I gave this more thought and have discovered that 1. The naming is not that important IMO (though I +1 partialApply (It's readable shrugs). 2. We would probably need a flip method instead of a pApplyRight method (flip would combine with partialApply to, in essence, facilitate performing a partialApplyRight). Also, something else to think about is the fact that apply takes an array as it's second parameter and how having a partialApply method might be confusing to some users who know how apply works but don't know anything about partial application. Furthermore, the naming of partialApply might need to be put further through the paces since in comparison to apply and call, partialApply actually performs more like a partialCall (due to not taking an array of args (as mentioned before) mindblow? (lol)

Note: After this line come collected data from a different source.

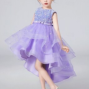 أطفال للفتيات فستان أرنب بدون كم الأماكن المفتوحة فضفاض موضة بديع بوليستر طول الركبة لباس غير رسمي فستان شكل حرف A الصيف 4 سنوات + أرجواني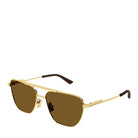 Bottega Veneta Minimalist Aviator sunglasses collection model BV1236S in shiny gold featuring solid brown lens. Inspired by Italian culture with a global outlook. Featuring faceted effects, sculptural contours, geometric profiles on acetate and the iconic three-dimensional ribbons.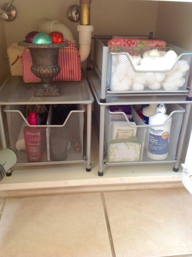 11. Βάλτε μία ράγα στο ντουλάπι κάτω από τον νιπτήρα για να κρεμάτε τα μπουκάλια σπρέι και τα σφουγγάρια σας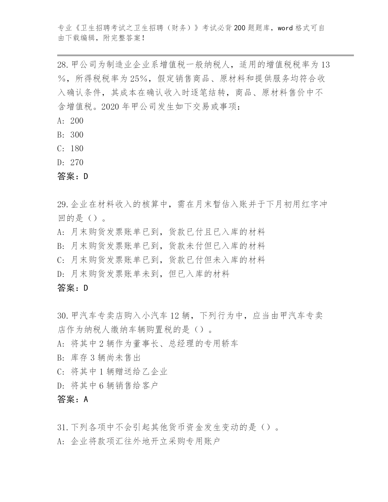湖南省《卫生招聘考试之卫生招聘(财务)》考试必背200题题库大全及答案参考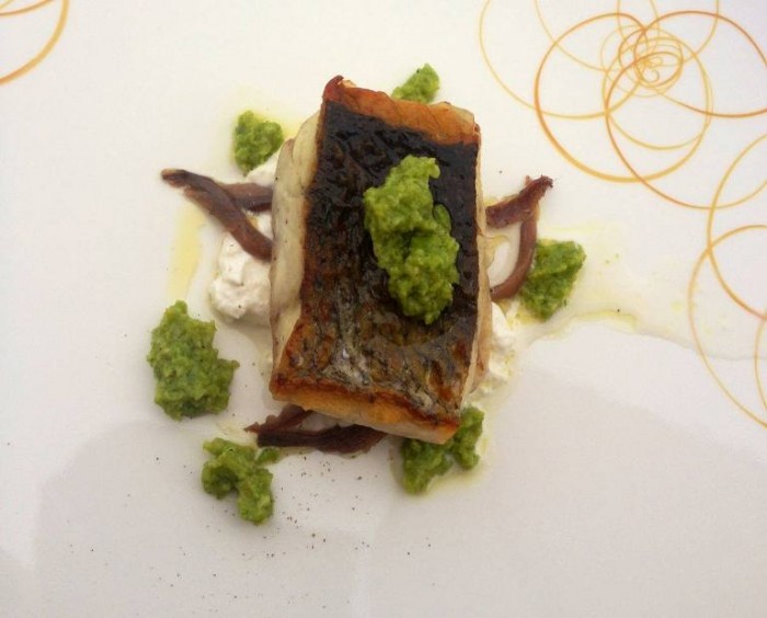 Perfetta l’ombrina con burrata, acciughe, e fave; sapori rotondi e intensi, ben adatti allo sposalizio col Vintage 2005.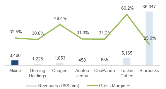 Mixue Group boasts an enviable combination of robust profitability and strong growth, even though the Company is already one of the largest players in China’s FMD sector. In revenue terms, Mixue is almost equivalent to Guming, Chagee, Auntea Jenny, and ChaPanda combined. At the same time, MXG generates gross margins that exceed Guming, Auntea Jenny, and ChaPanda, even while delivering the lowest cost menu items to its consumers. We summarize this data in the following chart.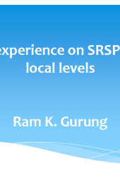 The presentation on: “Field Experience on SRSP at the Local Levels” prepared and presented by Mr. Ram k. Gurung gives an overview on the existing practices on SRSP and DRR, challenges on the implementation part, measures taken to overcome those challenges and the way forwards.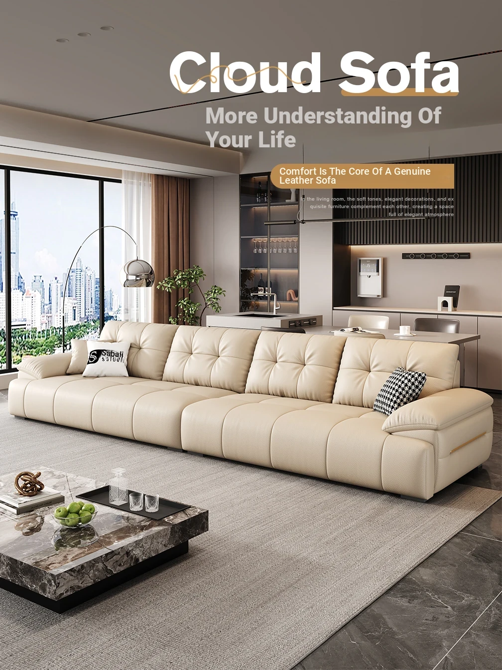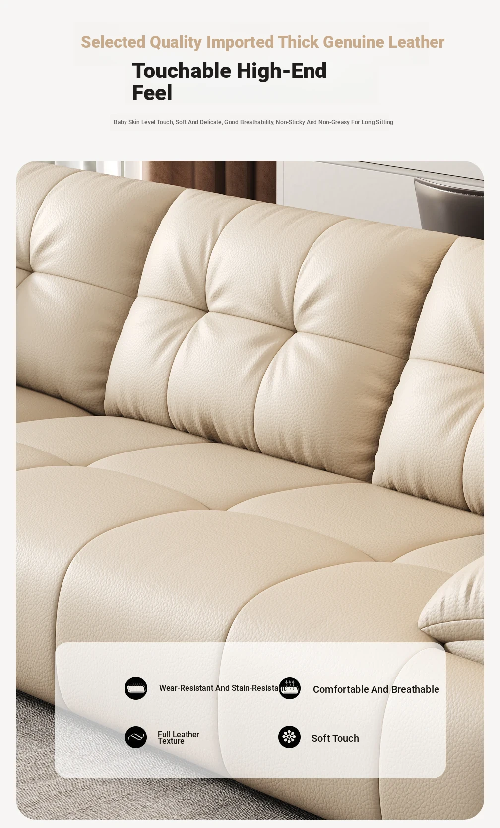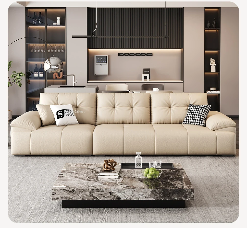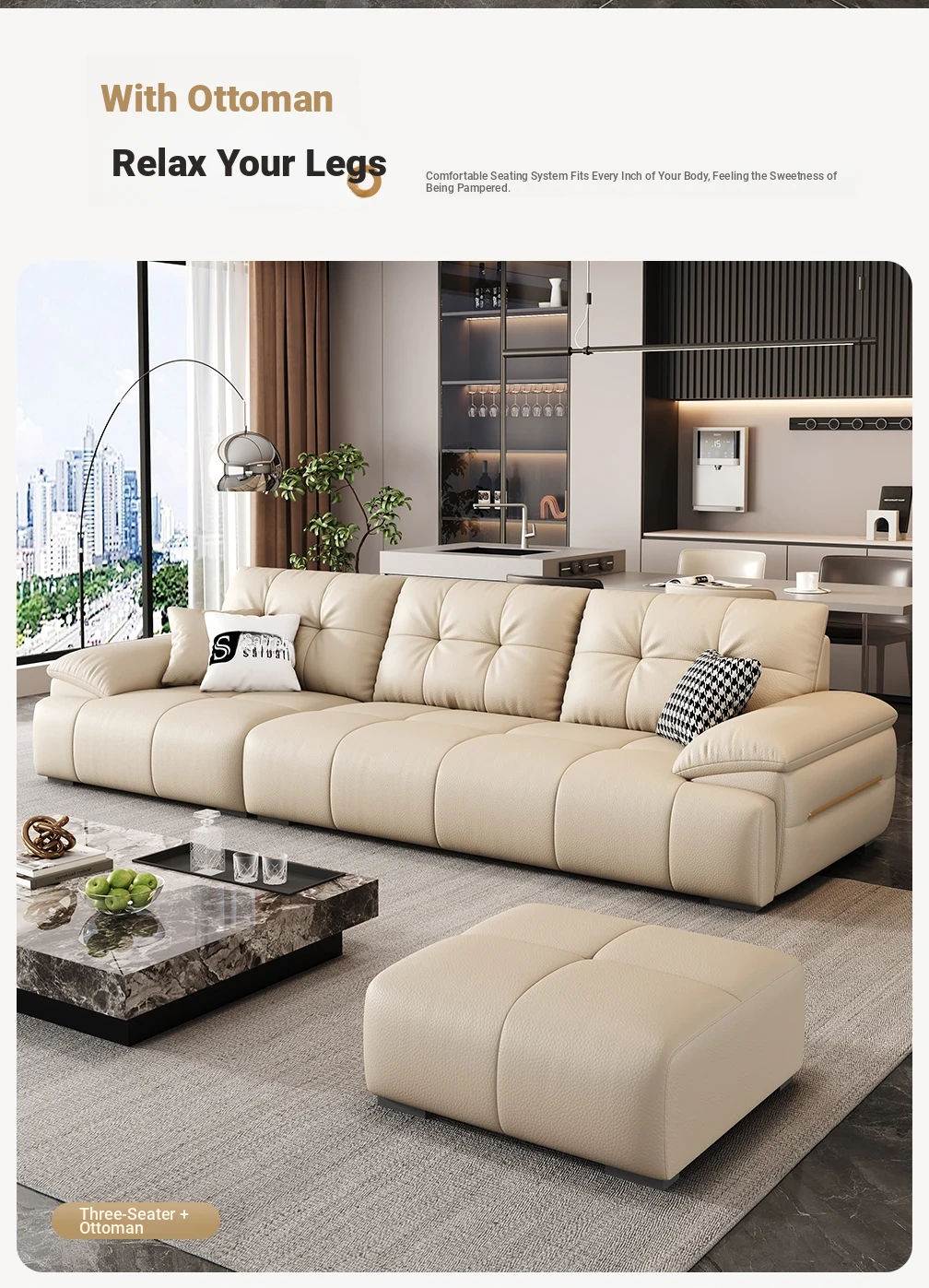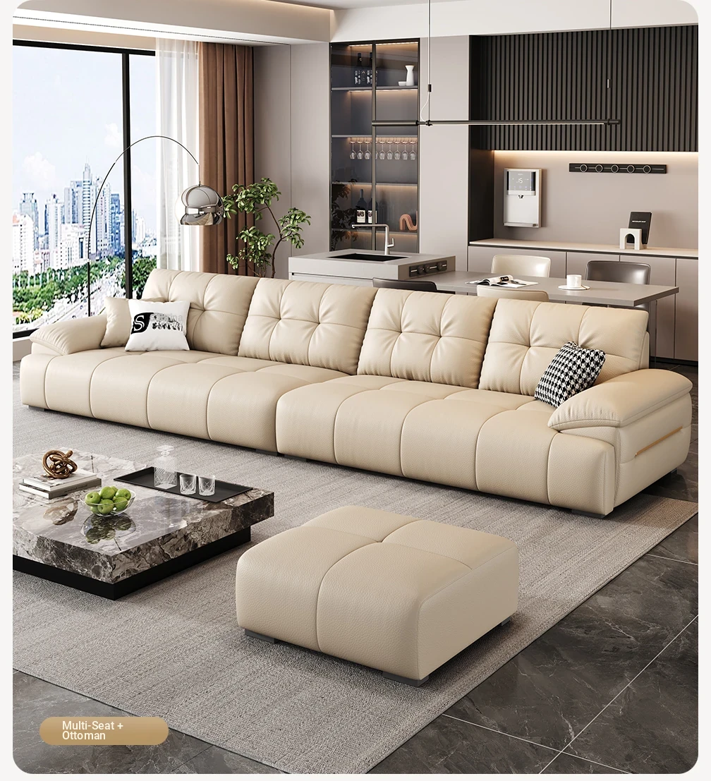 New Italian Minimalist Modern Genuine Leather Sofa Set - Luxurious and Stylish 3-Seater and 4-Seater Combination for Small to Medium Living Rooms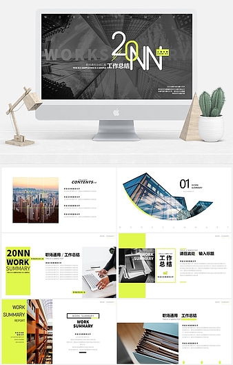 【特殊限制】设计师仅对作品中独创性部分享有著作权,对作品中含有的国旗、国徽等政治图案不享有权利,仅作为作品整体效果的示例展示,禁止商用。 相关关键词: 绿色 简约 工作总结 PPT 模板
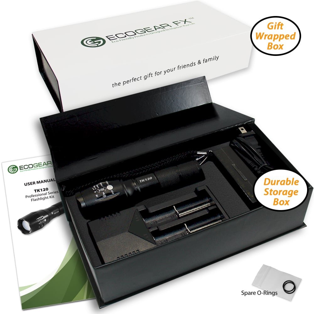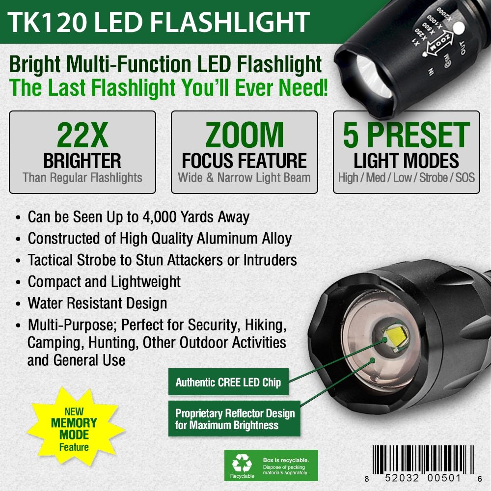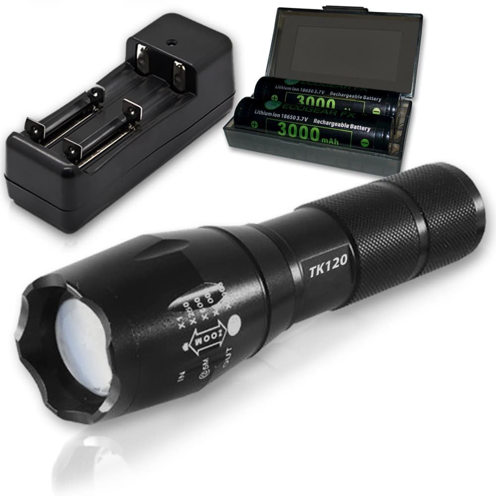 LED Tactical Flashlight KitThe TK120 LED Flashlight is a complete professional LED flashlight kit for home use, outdoor activities, security and professionals. Equipped with multiple light modes, the TK120 LED Tactical Flashlight delivers excellent light spread when using the zoom feature (adjustable focus). Constructed using high-quality standards, the TK120 Professional LED Flashlight is made of aircraft grade aluminum alloy with a hardened anodized finish. So when the going gets tough the TK120 Flashlight gives you high-strength and durability needed for nearly any situation. As an extremely rugged tactical flashlight, the TK120LED Flashlight Kit includes two high capacity lithium-ion rechargeable batteries and a rapid battery charger. Ideal for many situations and uses, the TK120 makes a perfect LED tactical flashlight with strobe. Not only is it great for professionals but makes a great flashlight kit for tactical situations, family camping, hunting trips, fishing and night patrols. It is a very useful LED emergency flashlight to aid in emergency assistance and natural disasters including earthquakes, hurricanes and storms.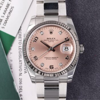 Rolex Oyster Perpetual Date 115234 – Rose Diamond Dial – Full Set – Excellent Condition – 2014
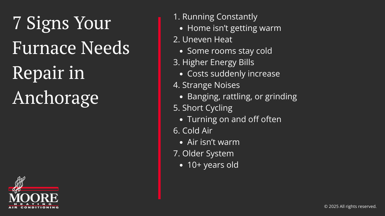 If your furnace is struggling to keep up this winter, contact Moore Heating for reliable heating repair in Anchorage today.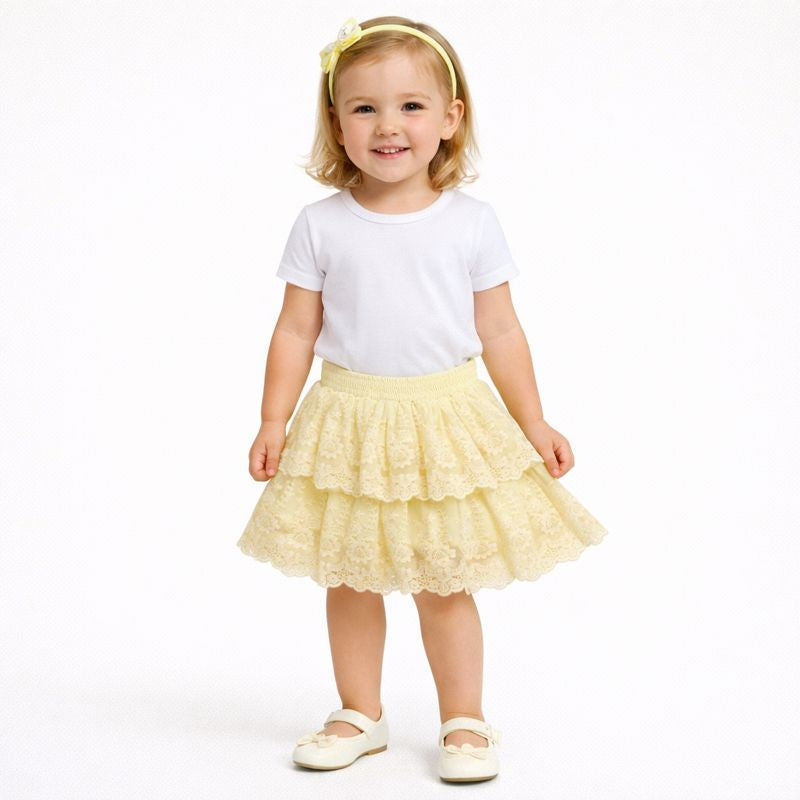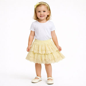 Breezy, beautiful, and effortlessly charming, these pastel tiered skirts in Turquoise green, lemon and peachy pink is a dreamy addition to your little ones wardrobe.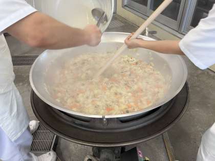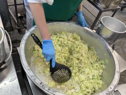 今日のチャレンジ食材はエリンギとキャベツです。苦手な食べ物もみんなチャレンジして食べていました。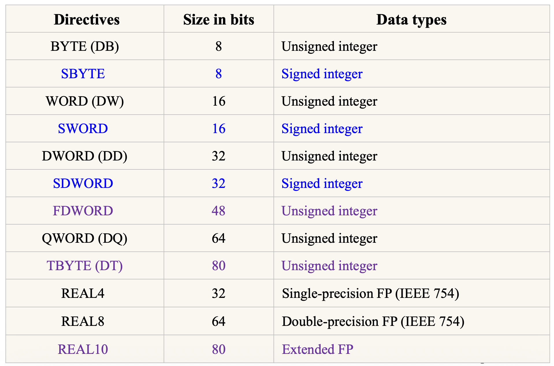 - 汇编器会用单精度或双精度浮点数来定义实数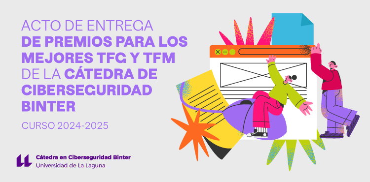 La Cátedra de Ciberseguridad Binter de la ULL anuncia la celebración del acto de entrega de los premios para los mejores TFG y TFM del curso 2024-2025 el próximo jueves 6 de noviembre a las 17:00 horas en el Salón de Grados de la Escuela Superior de Ingeniería y Tecnología.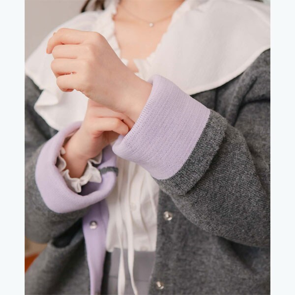 配色デザインニットコート/カーディガン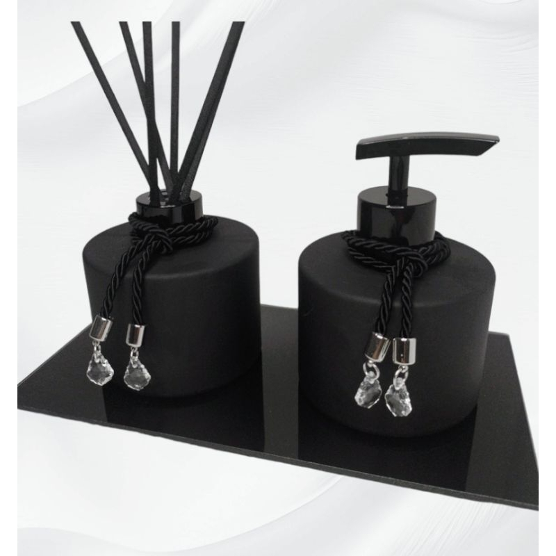 Kit Lavabo Picolo Preto Difusor de Ambiente 250ml, Vidro Saboneteira com Bandeja Preta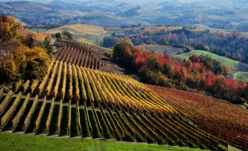 Belli questi filari con i colori autunnali. |

elycruz commented 7 years ago

Also, about "+1 for partialApply" as @zackschuster pointed it sticks with the language's overall naming scheme.

elycruz commented 7 years ago

@benjdlambert "(Cue the masses that I missed)" most of the Math object's method (lol) 👍

alecperkins commented 6 years ago

Additional prior art of sorts: lodash’s _.partial and _.partialRight utilities.

elycruz commented 6 years ago

Chiming in after seeing the post again. Going back on my idea of needing a flip implementation to facilitate partialApplyRight instead we should just shoot for it (partialApplyRight). Also for partialApply it doesn't matter that apply takes an array for args and partialApply would take singular arguments (IMO).